TASK OBJECTIVE:
No pictures, please. Copy exactly the lines from the one with "Růžová magnetická dárková" through the final line below.

DATASET CONTENT:
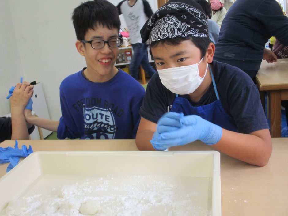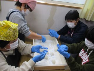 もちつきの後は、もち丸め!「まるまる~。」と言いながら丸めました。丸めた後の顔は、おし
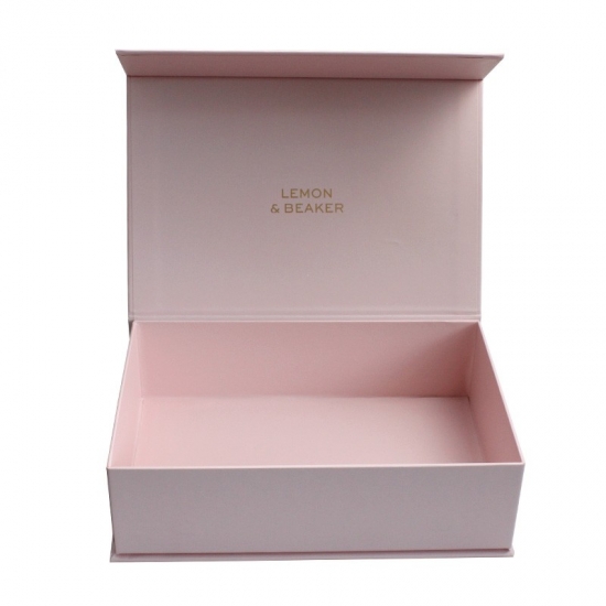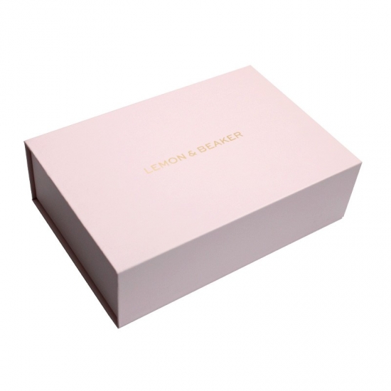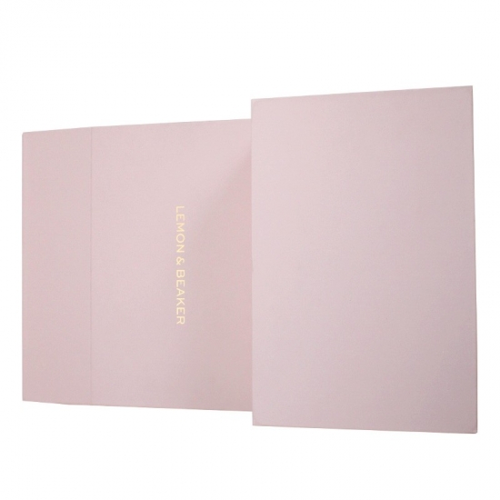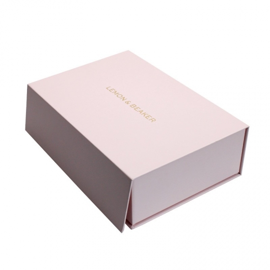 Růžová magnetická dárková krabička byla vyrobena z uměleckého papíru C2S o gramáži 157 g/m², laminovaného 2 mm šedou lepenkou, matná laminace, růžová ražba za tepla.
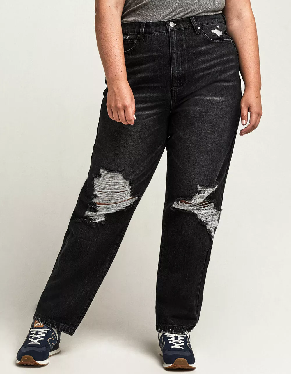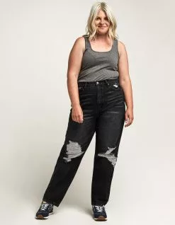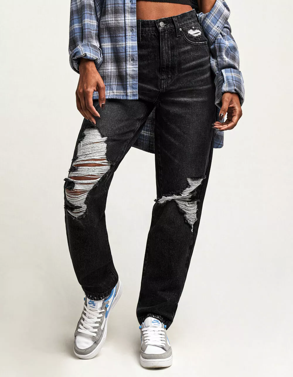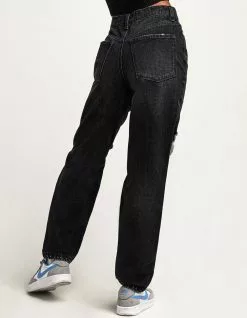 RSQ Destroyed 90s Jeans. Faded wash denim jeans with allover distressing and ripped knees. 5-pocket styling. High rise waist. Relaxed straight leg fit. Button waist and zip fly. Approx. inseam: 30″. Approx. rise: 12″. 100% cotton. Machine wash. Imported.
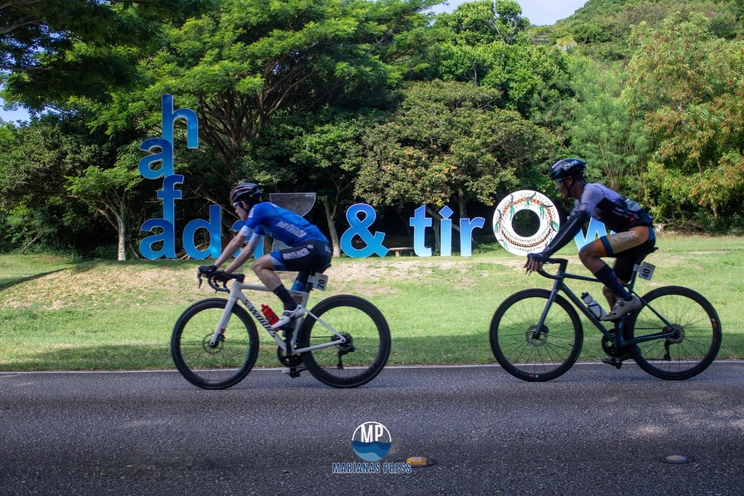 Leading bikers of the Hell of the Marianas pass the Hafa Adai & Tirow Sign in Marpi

REPLY:
 Růžová magnetická dárková krabička byla vyrobena z uměleckého papíru C2S o gramáži 157 g/m², laminovaného 2 mm šedou lepenkou, matná laminace, růžová ražba za tepla.
 RSQ Destroyed 90s Jeans. Faded wash denim jeans with allover distressing and ripped knees. 5-pocket styling. High rise waist. Relaxed straight leg fit. Button waist and zip fly. Approx. inseam: 30″. Approx. rise: 12″. 100% cotton. Machine wash. Imported.
 Leading bikers of the Hell of the Marianas pass the Hafa Adai & Tirow Sign in Marpi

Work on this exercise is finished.